» **Records from a collection**
----------------
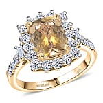 Doorbuster Certified & Appraised AAA Golden Tanzanite and Luxuriant Diamond G-H SI 3.10 ctw Sunburst Halo Ring in 10K Yellow Gold (Size 7.0)
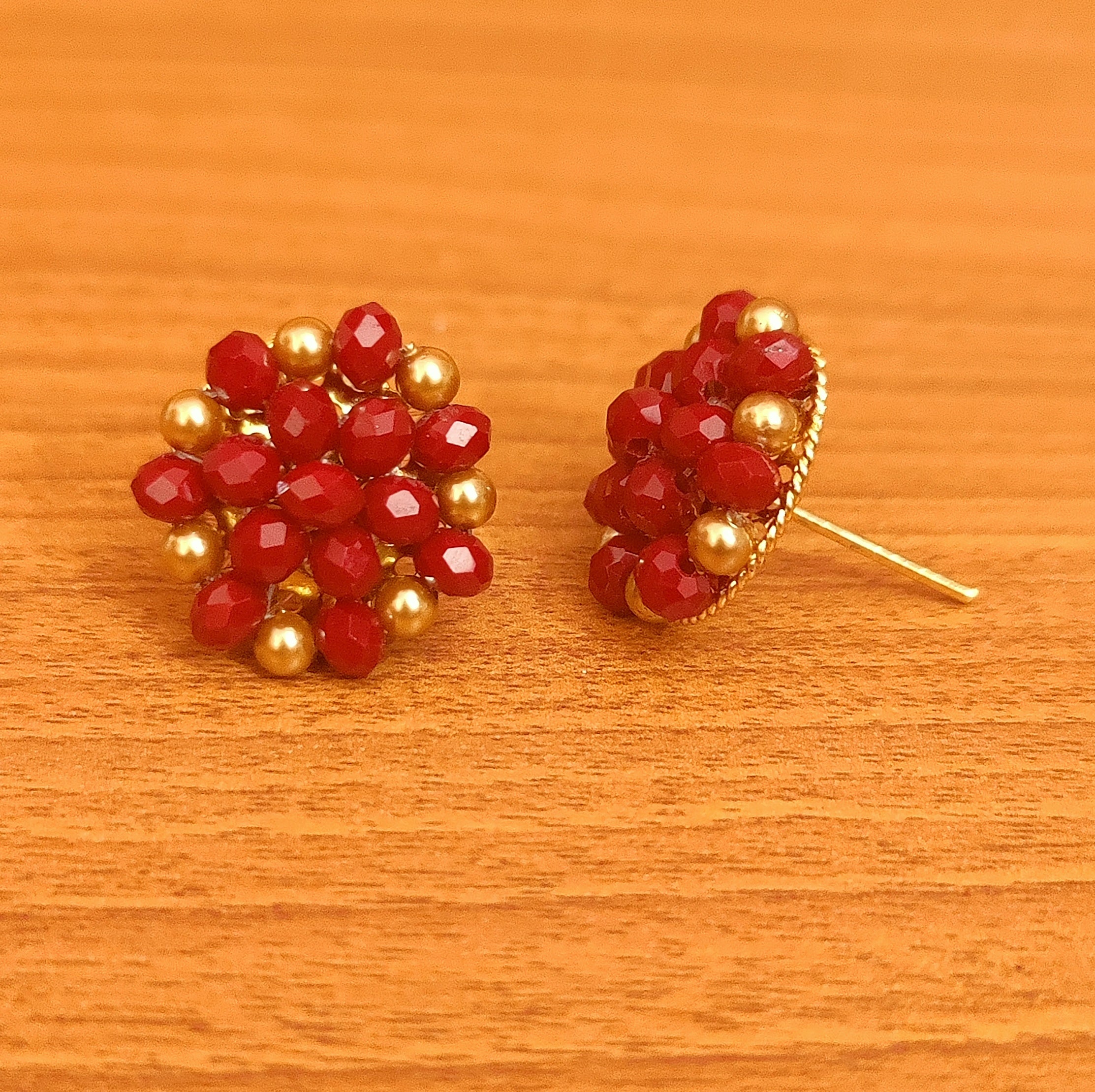 These beautiful earrings are handcrafted in copper alloy with imitation beaded & polki work of very fine quality. these earrings are coated with 18 kt gold polish which give them a unique look . an absolutely stunning piece to own and are very light in weight.
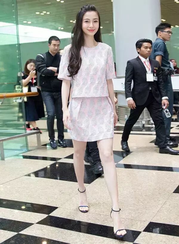 粉嫩嫩的套装有没有拴住你一颗向往少女的心?baby那高挑的身材加上简单的高跟鞋,提花的浅蓝色印花在甜腻的粉色上钦点出了清纯气息。
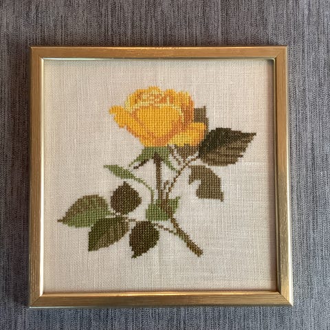Bildet er laget på stoff av lin med korsstingteknikk og er innrammet i en enkel, gyllen ramme.
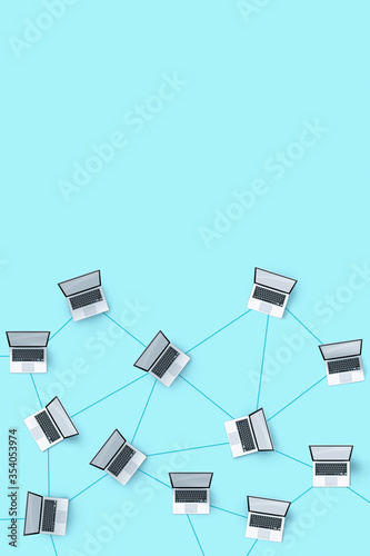 Blue vertical background with computers connected to the global network. The concept is global communications, globalization and unification. User interaction within local and global networks.
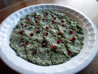 To serve, spread the pkhali on a plate and smooth the top with a spatula. With a knife, make a pattern of diamonds in the top, and sprinkle with pomegranate seeds (or, in a pinch, walnut pieces). Serve with bread.
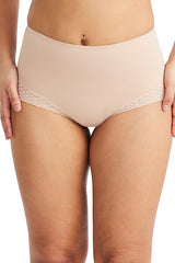 Nancy Ganz 'Revive Lace' waisted brief is the essence of beauty, comfort and support. Contemporary lace design, super soft fine gauge micro and performance power mesh linings, create the perfect everyday shapewear with feminine appeal and superior comfort and fit.
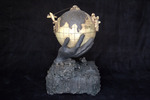 A side view of the automata sculpture "The Whole World in Our Hands".
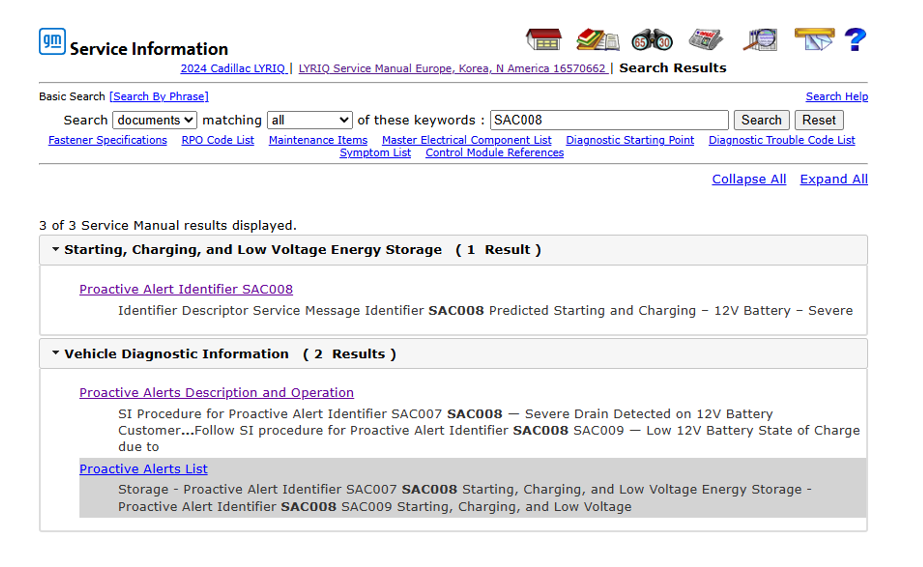 Pour accéder aux procédures d’informations de service, rechercher l’identifiant d’alerte proactive correspondant, par exemple SAC008 (Fig. 4-5),
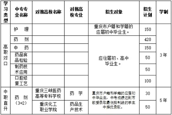 重庆市医药科技学校2025年招生简章,招生专业及招生计划一览表
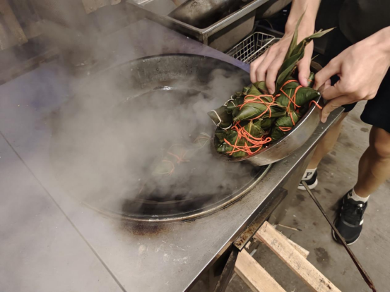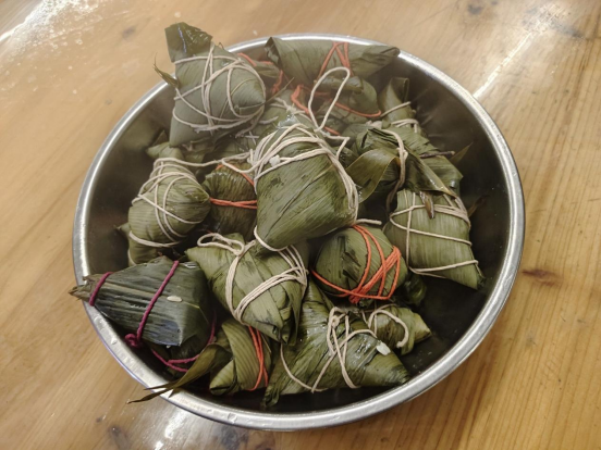 活动当天,物联网2102班部分班委便早早的前往农贸市场采购糯米、粽叶等原材料。随着夜幕降临,四十位同学欢聚一堂,大家齐动手,同参与,粽叶一卷,放肉填米,成型捆扎,边包粽子,边分享交流,现场洋溢着浓浓的端午气息。第一次体验包粽子的同学们积极向创业园的叔叔阿姨虚心求教,在叔叔阿姨的细心指导下,同学们包的有模有样,桌上摆满了一只只满载同学们辛勤劳动的粽子,整个现场洋溢着欢声笑语,其乐融融。期间,大家为6月生日的4位同学庆祝生日,众人齐唱生日歌,祝愿同学生日快乐,一起享受美食。在同学们品尝粽子时连绵不绝的赞扬声中本次团建活动完美谢幕了。
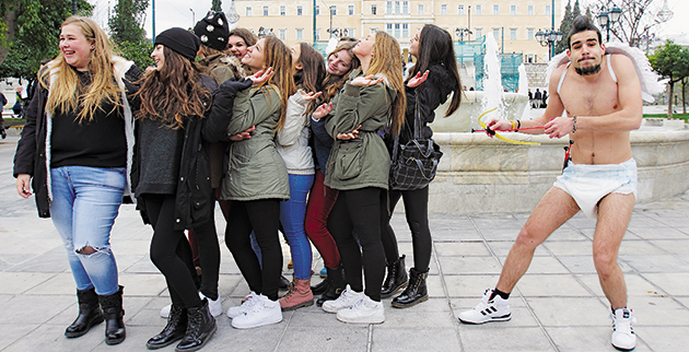 Τι και αν έκανε τσουχτερό κρύο το πρωί της περασμένης Πέμπτης; Εκείνος δεν πτοήθηκε. Εφτασε στο Σύνταγμα με το μετρό, έβγαλε τα ρούχα του και έμεινε με την αμφίεση του φτερωτού θεού.
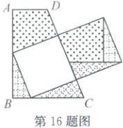 16. 如图是一张四边形纸片 $ ABCD $,其中 $ \angle A = \angle B = 90^{\circ} $, $ AB = 12 $, $ BC - AD = 5 $。现将其分割为 4 块,再拼成两个正方形,则正方形的边长为
----------------
» **Your assignment**
Output all the records above exactly, but without their images.

» **Task solution**
 Doorbuster Certified & Appraised AAA Golden Tanzanite and Luxuriant Diamond G-H SI 3.10 ctw Sunburst Halo Ring in 10K Yellow Gold (Size 7.0)
 These beautiful earrings are handcrafted in copper alloy with imitation beaded & polki work of very fine quality. these earrings are coated with 18 kt gold polish which give them a unique look . an absolutely stunning piece to own and are very light in weight.
 粉嫩嫩的套装有没有拴住你一颗向往少女的心?baby那高挑的身材加上简单的高跟鞋,提花的浅蓝色印花在甜腻的粉色上钦点出了清纯气息。
Bildet er laget på stoff av lin med korsstingteknikk og er innrammet i en enkel, gyllen ramme.
 Blue vertical background with computers connected to the global network. The concept is global communications, globalization and unification. User interaction within local and global networks.
 To serve, spread the pkhali on a plate and smooth the top with a spatula. With a knife, make a pattern of diamonds in the top, and sprinkle with pomegranate seeds (or, in a pinch, walnut pieces). Serve with bread.
 Nancy Ganz 'Revive Lace' waisted brief is the essence of beauty, comfort and support. Contemporary lace design, super soft fine gauge micro and performance power mesh linings, create the perfect everyday shapewear with feminine appeal and superior comfort and fit.
 A side view of the automata sculpture "The Whole World in Our Hands".
 Pour accéder aux procédures d’informations de service, rechercher l’identifiant d’alerte proactive correspondant, par exemple SAC008 (Fig. 4-5),
 重庆市医药科技学校2025年招生简章,招生专业及招生计划一览表
 活动当天,物联网2102班部分班委便早早的前往农贸市场采购糯米、粽叶等原材料。随着夜幕降临,四十位同学欢聚一堂,大家齐动手,同参与,粽叶一卷,放肉填米,成型捆扎,边包粽子,边分享交流,现场洋溢着浓浓的端午气息。第一次体验包粽子的同学们积极向创业园的叔叔阿姨虚心求教,在叔叔阿姨的细心指导下,同学们包的有模有样,桌上摆满了一只只满载同学们辛勤劳动的粽子,整个现场洋溢着欢声笑语,其乐融融。期间,大家为6月生日的4位同学庆祝生日,众人齐唱生日歌,祝愿同学生日快乐,一起享受美食。在同学们品尝粽子时连绵不绝的赞扬声中本次团建活动完美谢幕了。
 Τι και αν έκανε τσουχτερό κρύο το πρωί της περασμένης Πέμπτης; Εκείνος δεν πτοήθηκε. Εφτασε στο Σύνταγμα με το μετρό, έβγαλε τα ρούχα του και έμεινε με την αμφίεση του φτερωτού θεού.
 16. 如图是一张四边形纸片 $ ABCD $,其中 $ \angle A = \angle B = 90^{\circ} $, $ AB = 12 $, $ BC - AD = 5 $。现将其分割为 4 块,再拼成两个正方形,则正方形的边长为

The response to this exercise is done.